Del Gran Sole: Interview with composer Ted Allen
Composers Ted Allen and Jason Carl Rosenberg discuss the creative process for Allen’s Del Gran Sole. The work will be premiered by the San Francisco Choral Artists in their concert series, 21st-Century Baroque, which pairs the chamber choir with the Galax Quartet, a string quartet using Baroque instruments.
Jason Carl Rosenberg: Your piece, Del Gran Sole, sets text by the Italian Renaissance poet Vittoria Colonna. What drew you to this text?
Ted Allen: As I do with most of my choral pieces, I started out at the library. I wanted to work with a Renaissance poet so that the text would match the early music theme of the program. I narrowed my search to women poets so that I might find a voice that was not well known from the standard canon. I knew I wanted to do a fun, lively, major key thing and Colonna's recurring use of light as metaphor for the Holy Spirit was perfect for that concept.This is similar to the way I chose the text for the SFCA collaboration with the Whole Noyse. Because that was also an early music group, I chose a poem by the Oakland poet Lucha Corpi about Marina, a figure in Mexican history whose life was roughly contemporaneous with the historical instruments used in the piece.
JCR: How did Colonna’s repeated use of the “light” metaphor manifest in your musical setting?
TA: Rather than choosing one of Colonna's sonnets, I extracted fourteen lines from various sonnets that mentioned light, flames, torches and so on, to create sort of a meta-sonnet. Del Gran Sole is bright and bouncy, though it turns a bit darker when the text refers to clouds. Of course, the sun features heavily in the piece. I set the word "sole" consistently on a rising minor third.
JCR: The piece features radically different roles for the strings and voices. Can you describe their relationship and your intentions?
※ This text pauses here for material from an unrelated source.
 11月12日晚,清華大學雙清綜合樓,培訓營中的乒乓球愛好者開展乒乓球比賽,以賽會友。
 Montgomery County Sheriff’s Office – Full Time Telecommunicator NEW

TA: The string quartet is an accompaniment, establishing the character, harmonic content and rhythm of each section. Other than one short solo section for the strings that features some early 17th century style violin passage work, the main job of the strings is to create a sequence of harmonic and rhythmic tableau that the choir parts float over independently.
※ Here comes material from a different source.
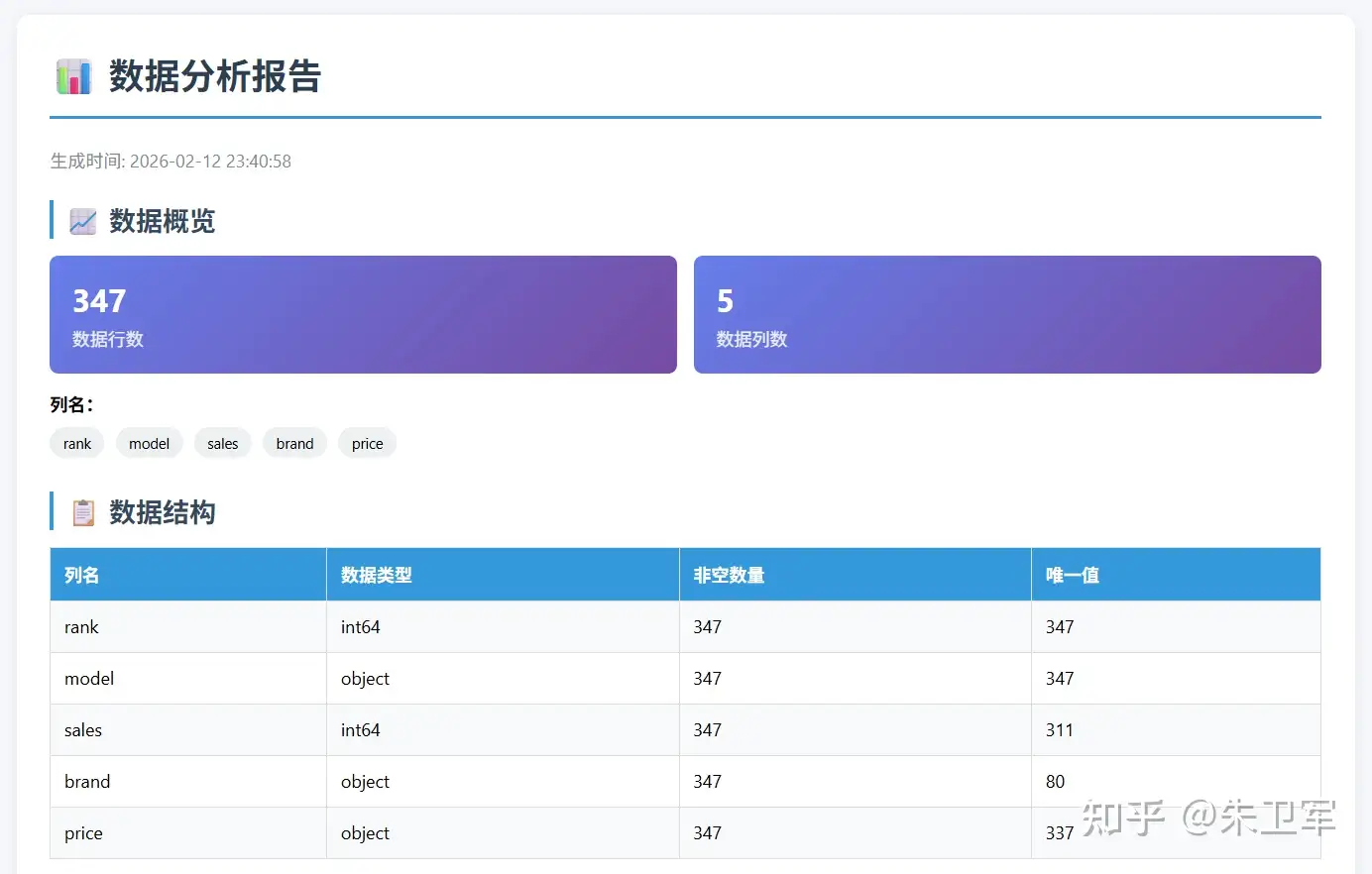 比如分析一个汽车销量数据,M2.5会对Excel数据进行读取、分析、可视化,并输出分析报告。

JCR: I’d like to end by asking about the harmony in Del Gran Sole. There seems to be a focus on perfect intervals (especially perfect fourths) or superimposition of perfect intervals. Can you briefly explain your treatment of harmony in this piece?
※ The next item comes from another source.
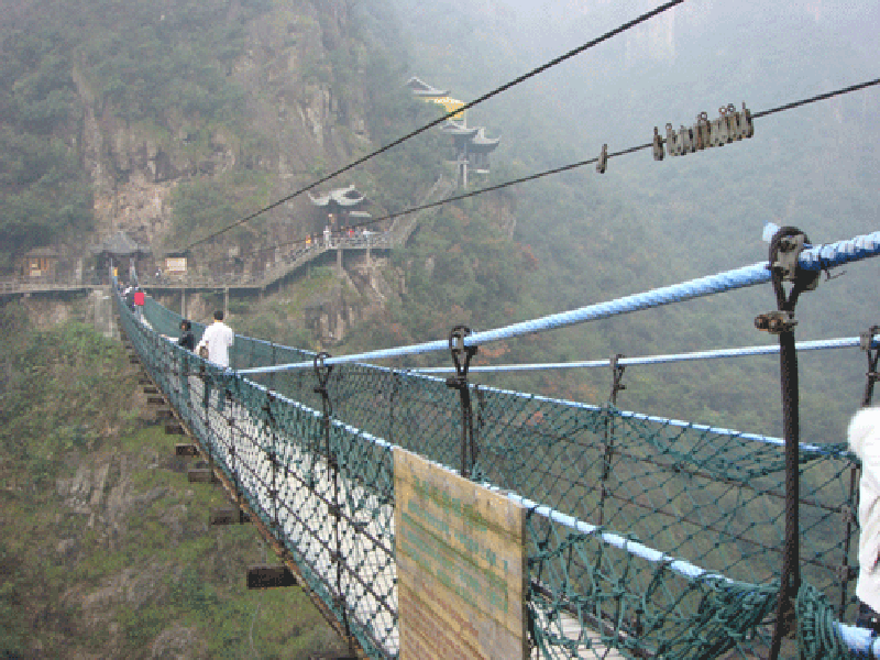 雙童吸管旅游團(tuán)的員工挑戰(zhàn)“驚險(xiǎn)”鐵索橋

TA: Perfect intervals have been a stylist staple for me for decades. The perfect intervals come out of folk and popular music, drones, guitar power chords, funk horn arrangements, and so on. In Del Gran Sole in particular, the perfect intervals come out of the string quartet. I use perfect intervals in the string writing to exploit the open strings and get that resonance. That vocabulary carries over into the choir parts. Also, fourths are harmonically ambiguous and flexible: you can mix and match them in many ways.